How come you never tried to hammer that Safari Skinner through a car hinge?
That was actually Thom's bright idea to suggest that to my brother on Busse's forum so it was done with a Howling Rat (which also had the same edge angle from Busse as Dozier' uses). The Rat eventually broke because of poor technique while it was being struck with a 28 on framing hammer. I had also made the edge much more acute than than stock configuration. It was at about 10 degrees per side and I had thinned the primary grind. Even then though it would have cut the door off with no problems had he cut through the bottom hinge first, the Dozier Agent broke immediately, but of course D2 is far more brittle than 52100. If you want to cut a door of a car with the Safari Skinner then go ahead, I offered to send it to you earlier this year. It would be expected to be lower than the Howling Rat but much higher than the Agent. It also had no trouble matching the edge retention of the Agent slicing abrasive material.
M2 is one of those up there with O1 for rusting ...
The corrosion resistance is significantly higher than O1, but lower than D2 which has more chromium dissolved, how much depends on how it is austenized, but 6-8% tends to be normal. Johnston noted that 1095 had a problem for meat cutters as the edge retention was lower than expected compared to stainless which was attributed to corrosion, M2 did not have such issues and far outperformed ATS34.
I know 1095 takes a great edge, but darned if I know if D2 does.
At the angles they use you will not see a difference in initial sharpness.
All I want is just want a good sharp knife that is reasonably easy to sharpen.
1095 would be much better for you.
Actually, all my Doziers have pretty obtuse edges.
It would probably be good to note the reference here because obtuse means different things, Dozier is much more acute than TOP's but more obtuse than the thinner Spyderco models like the Calypso Jr. for example.
The reason I say this, is because a year or so ago, I was experimenting with a bunch of D2 knives, and found they chipped and indented very easily once the edge bevel was thinned out too much.
Take a piece of wire which is similar in thickness to the carbides in D2 and imagine testing its strength, what do you think happens? The strength will just be the carbide/matrix bond which is very low compared to the internal matrix cohesion. This is why high carbide steels do so poorly when the edge is loaded. Landes measured this directly, it isn't a theory that D2 has poor edge strength at low angles.
M2 does much better than D2 because the carbide volume is much lower and the carbides are MUCH smaller it is also 5-6 points hard.
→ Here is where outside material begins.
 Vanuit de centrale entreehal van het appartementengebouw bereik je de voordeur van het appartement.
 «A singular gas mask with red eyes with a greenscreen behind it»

They are not in the same class edge stability wise. D2 is a low class three, pretty much the worst cutlery steel, and M2 is a high class II or low class I.
[D2]
Put a rough edge on it (meaning rough in terms of grit size, not quality), and you have a D2 knife that keeps an edge for a very long time cutting through rough hide and dirty rope.
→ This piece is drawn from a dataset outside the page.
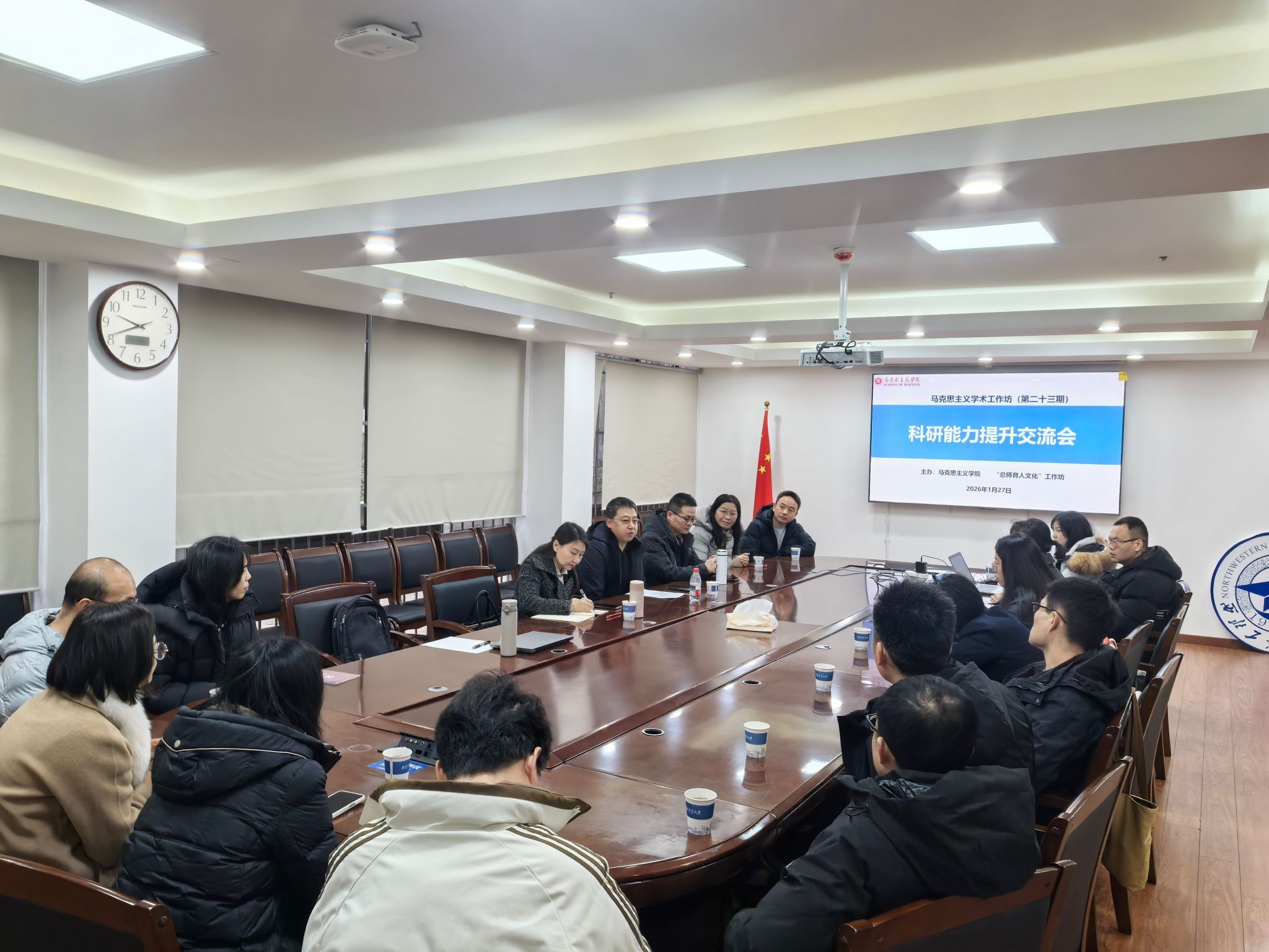 会议伊始,王彦革围绕2026年国家社科基金项目申报政策与具体要求组织了集体学习,并就下一阶段深化思政课改革创新提出了重点工作任务。

Yes, now use D7 or A11 if you really want to see long term slicing aggression. Compare a 0.005"/10 degree Wilson in 10V at 64/65 HRC to a Dozier in D2 at 60/61 HRC at 0.015"/15 degrees. Actually if you want to see something interesting, compare a 0.005"/10 degree 420J2 blade slicing hemp rope versus that Dozier. Use Goddards scale testing method and see which one performs better. Or just go back on rec.knives and read what Mike Swaim did ten years ago.
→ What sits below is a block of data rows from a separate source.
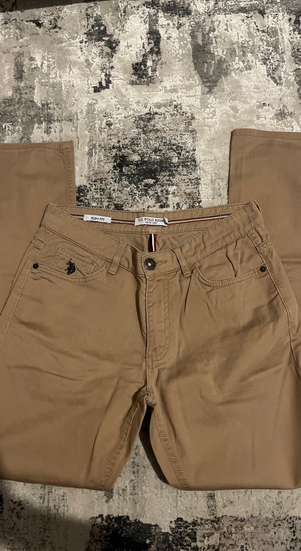 Acik Kahverengi, düğmeli, pamuk kumaştan yapılmış, günlük sokak tarzına uygun erkek pantolonu. Neredeyse hic giyilmedi. Sifirdan farksiz. Tertemiz urun.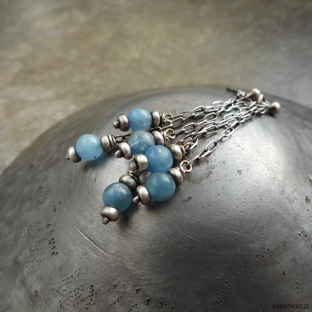 Kobiece, proste w formie kolczyki z kamieni naturalnych i szlachetnego srebra;  nie obciążające ucha, zwiewne, ich ozdobą są  akwamaryny w  pięknym czystym odcieniu błękitu.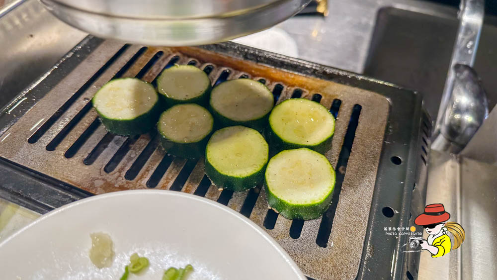別以為只有牛肉厲害,他們的伊比利豬伊比利豬肋條烤起來肉質鮮嫩多汁,完全沒有豬腥味,烤節瓜吃起來也超脆口的,真心愛!認真覺得這邊的服務人員烤功一流!炸牛奶我沒有拍到,但是我認真推薦炸牛奶一定要吃!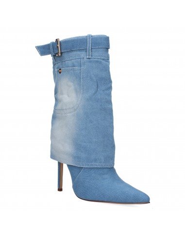 Bota de tacón para mujer, de punta fina y cierre de cremallera y de hebilla, forrada de tela vaquera. Colección otoño invierno 2023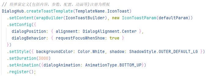 步驟一:使用“DialogHub”的createToastTemplate、register接口創(chuàng)建一個(gè)符合UX定義的消息提示框模板:

I'm testing D2 against CPM D2 right now, and they're both tougher than me!
Yes, that is their strength, slicing with a coarse finish, now sharpen them to a really high polish, reduce the edge angle under 10 degrees and see how long they hold a high sharpness push cutting.
I'd like to use one of Alvin's knives. It would help if one knew how to reach this person to set that up though.
Go on rec.knives and ask him. This is one of his first knives :
The edge angle is 5 degrees, still think a 15+ Dozier is not obtuse? It is 200%+ greater in edge angle, in comparison the heaviest ground Busse I have seen is only 15% greater in angle than the most acute Dozier. Now if you want to start calling Busse edges obtuse compared to Dozier then obtuse is not even strong enough to compare Dozier to Johnston.
But Alvin makes his knife to cut which is why they are so thin and acute, they are not meant to pry or chop, and no impact splitting. Ok those ones anyway, he is currently making some blades in L6 which are intended for that kind of utility work where a much tougher and stronger steel is needed. But that does not mean the 1095/O1/M2 blades are just paper cutters, you can cut wire, metal flashing, sods, read the reviews to note what they can do and what it takes to break them, I took a small piece out of the primary grind on the 63 HRC O1 blade rocking it through a hard spruce limb.